There's dark circles under her eyes when she says it. She hasn't been sleeping well, and neither have you. No one has. It's hard when your nightmares extend into your waking life, lurking in shadows and under beds and in the corner of your eyes, and the gun on your hip and the cross around your neck are too heavy to bear alone.

Gordon Walker dies, his neck ripped to shreds by razor wire after turning into the thing he hated most and nobody talks about it but everybody knows who did it.

Some folk say Sam and Dean have started hanging around with a demon, a blonde-haired black-eyed bitch, and most don't believe it but some can't help but wonder.

Dean Winchester is ripped into bloody shreds by hellhounds, and Sam collapses, drops out of the community entirely, running on his own away from guilt and loss and the ghosts of his mother and his father and his brother down a dangerous road that only leads to destruction and wreckage and ruin and revenge.

He's fucking a demon, people say.

He's not human, they whisper. Not anymore.

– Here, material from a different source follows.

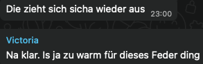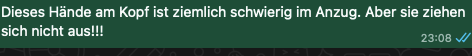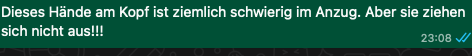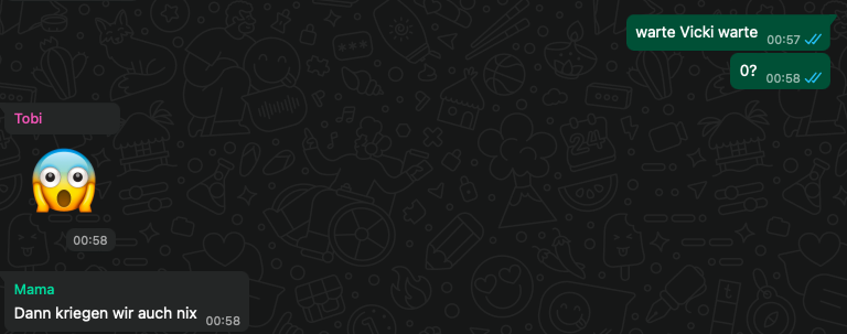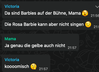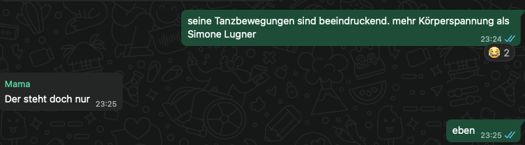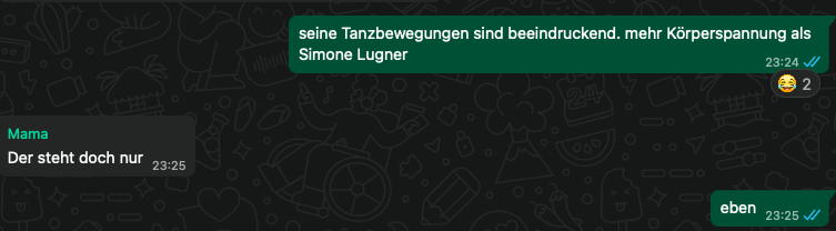 Wir lieben Song Contest schauen und noch mehr: darüber lästern. Das ist uns sehr wichtig. Allerdings hocken wir jetzt nicht mehr in einem Raum, sondern in vier verschiedenen. Das ist beim Lästern eher unpraktisch. Deshalb machen wir das jetzt über WhatsApp. Leider mussten wir dabei feststellen, dass meine Schwester mit allem eine Minute früher als mein Streaming dran ist und meine Mutter sogar zwei Minuten später erst das Bild bekommt, das meine Schwester kommentiert. Unpraktisch, aber kann man nicht ändern.

And then an angel raised Dean Winchester from Perdition and nothing was ever the same again. There was a secret war ripping the world apart, angels and demons and hunters and the Winchesters in the center of it all, fighting and hunting because it was all that they could do, all they'd ever been raised to do, except Sam was running with demons and Dean had been tortured in hell for god knows how long and people started to wonder, in earnest, if the Winchesters were really human anymore.

Bobby Singer made a fascinating argument to the contrary with the barrel of a shotgun.

And then Sam Winchester started the apocalypse, and nothing anybody said made a lick of difference because the Winchesters were monsters, inhuman, and maybe once they'd been good hunters but now they held tea parties with angels and demons and everybody agreed they had to be stopped, maybe if Sam Winchester died then the world would be saved (could they even die?), and you sat there and drank your whiskey and felt the weight of years on your shoulders as you laced worn and callused fingers together and prayed.

Ellen and Jo Harvelle died, went out with a bang and took a horde of hellhounds with them, went to meet Bill up in Heaven and join him as Good Folk Who'd Died Because of the Winchesters.

Two green hunters, cousins named Roy and Walt, came in one day swearing up and down and left and right that they'd killed the Winchesters, dead as a doornail both of 'em, and someone snorted and said, You boys mad? The Winchester's can't die. They ain't even human, not anymore. Y'ask me, you better start running till you reach a place you don't know the language and stay there.

Roy and Walt laughed with a hint of unease and shook their heads and everyone else, you included, wondered what sort of flowers to lay on their graves.

They were found two weeks later. Hunter's burial. No one was surprised.

And then Sam Winchester threw himself into Lucifer's Cage with the devil trapped inside him and this time he didn't come back, and all those hunters who'd condemned him as a monster were raising toasts and cheering for the brothers who'd saved the world, and you just smiled to yourself and drank your whiskey and thanked God for the Winchesters.